É muito difícil avaliar, mas eu diria que, na desafortunada tradição das esquerdas, elas têm muito mais dificuldades em aglutinar forças do que do lado das direitas. Só em momentos muito decisivos a esquerda soube fazer alguma aliança: as Frentes Populares contra o fascismo, durante e após a Segunda Guerra Mundial na construção do mundo do pós-guerra. O segundo caso mais emblemático é a Unidade Popular Chilena. Houve momentos que a esquerda demonstrou capacidade de unidade. Num momento como o fascismo que o inimigo é tão devastador que é quase obrigatório uma união e creio que o Brasil está numa situação muito semelhante. Desde a Constituição de 1988, esta é a situação mais longa e mais grave de crise porque passa a democracia brasileira. E nesse sentido por mais dificuldades que existam, eu diria que é prioritário encontrar uma plataforma conjunta, sentar à mesa porque a situação em que se encontra a esquerda brasileira — e a democracia — é bastante excepcional, bastante extrema. E ainda por cima num segundo turno pode a esquerda deparar-se, por hipótese, com dois candidatos como Bolsonaro e PSDB e o melhor seria tentar evitar esse cenário. Situação que os franceses tiveram que passar escolhendo entre Jean Marie Le Pen e Jacques Chirac, entre Marine Le Pen e Manoel Macron, ou seja escolher entre o mal menor, entendendo que esse mal menor pode ser um dos golpistas de Dilma. Imagine a situação de ter que pedir a milhões de eleitores indignados contra o golpe uma solução dessa natureza. Nestas circunstâncias é absolutamente central que as esquerdas brasileiras procurassem uma plataforma conjunta.

Convivemos no Brasil com uma profunda crise econômica, política e social, enfim em todos os níveis. Agora dizem que a persistência de Lula manter-se candidato estaria congelando o processo. O senhor concorda?

Depende do sentido de congelar. Eu tenho ouvido explicações de brasileiros que trabalham comigo que esta é a melhor forma de assegurar um maior número de eleitores que permaneçam mobilizados em torno da injustiça praticada contra Lula. Manter até o último momento e, se não for possível, que o próprio Lula peça a seus eleitores para transferir seu voto para outra opção. Eu tenho dúvidas sobre a eficácia dessa estratégia, porque num momento em que se pode confirmar que o judiciário impeça a candidatura de Lula, a indignação pode gerar profunda desilusão e desmobilização. Pode até haver um boicote: se não é Lula, não é ninguém. Não posso e não devo dar lições à esquerda brasileira, mas esse risco é elevado. Seria bom que a reflexão fosse feita e até obter alguns dados mais objetivos dos eleitores para saber se essa reação pode acontecer ou não.
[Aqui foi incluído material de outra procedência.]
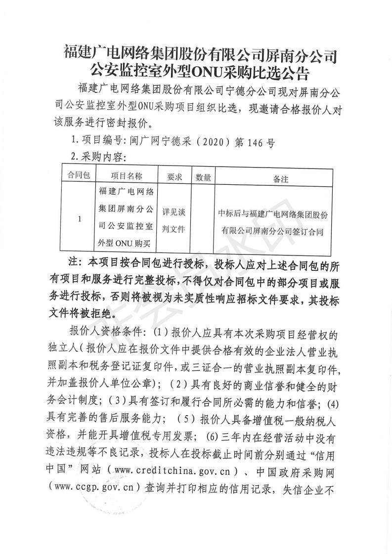 屏南分公司公安监控室外型ONU采购比选公告
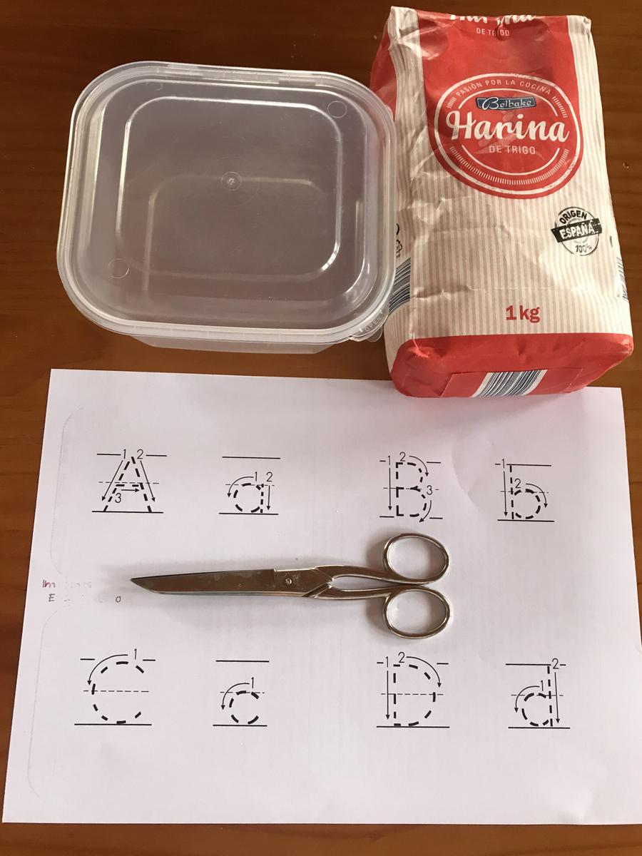 Una vez preparado el material, les daremos el recipiente con arena, sal o azúcar a los peques y les colocaremos al lado del recipiente la tarjeta con la letra del abecedario que queremos que trabajen primero, lo hacemos nosotr@s y después le guiamos con su dedo para que realice el trazo sobre la tarjeta. Los peques deberán observar bien la forma de la letra y reproducirla escribiéndola con su dedo en la arena/sal/azúcar.

Se a democracia representa direito sagrado aos direitos adquiridos, a democracia foi posta em causa, no caso brasileiro, de maneira muito evidente. Primeiro: no sistema presidencialista tirar um presidente com um procedimento completamente anômalo e golpista como no caso da Dilma. Em segundo lugar, por tentar impedir qualquer operação política do partido de Dilma, criminalizar Lula, estender a uma parte dos dirigentes do PT a operação Lava a Jato e tentar descartar o principal candidato do PT e o mais popular, por via judicial. Se não podemos evitar que ele se eleja a melhor forma é mantê-lo na cadeia. O cenário configura uma situação excepcional a tal ponto, que abre exceção à vigência da própria constituição e do sistema democrático. Isso deveria empurrar as esquerdas brasileiras para compreensão de que vivemos num estado de exceção e num estado de exceção se pode suspender direitos, manipular a justiça, manipular os processos eleitorais. Não se pode deter por motivos políticos representantes do povo. Não se pode e ponto final.

Manuel Loff (Porto, 1965), Doutor em História e Civilização pelo Instituto Universitário Europeu (Florença), Professor Associado na Faculdade de Letras da Universidade do Porto, e investigador no Instituto de História Contemporânea da Universidade Nova de Lisboa. Doutor em História e Civilização pelo Instituto Universitário Europeu (Florença). Investigador em História política, ideológica e social do século XX. No âmbito dos Estudos da Memória, investiga sobre a construção social da memória da opressão ou das experiências da sua superação.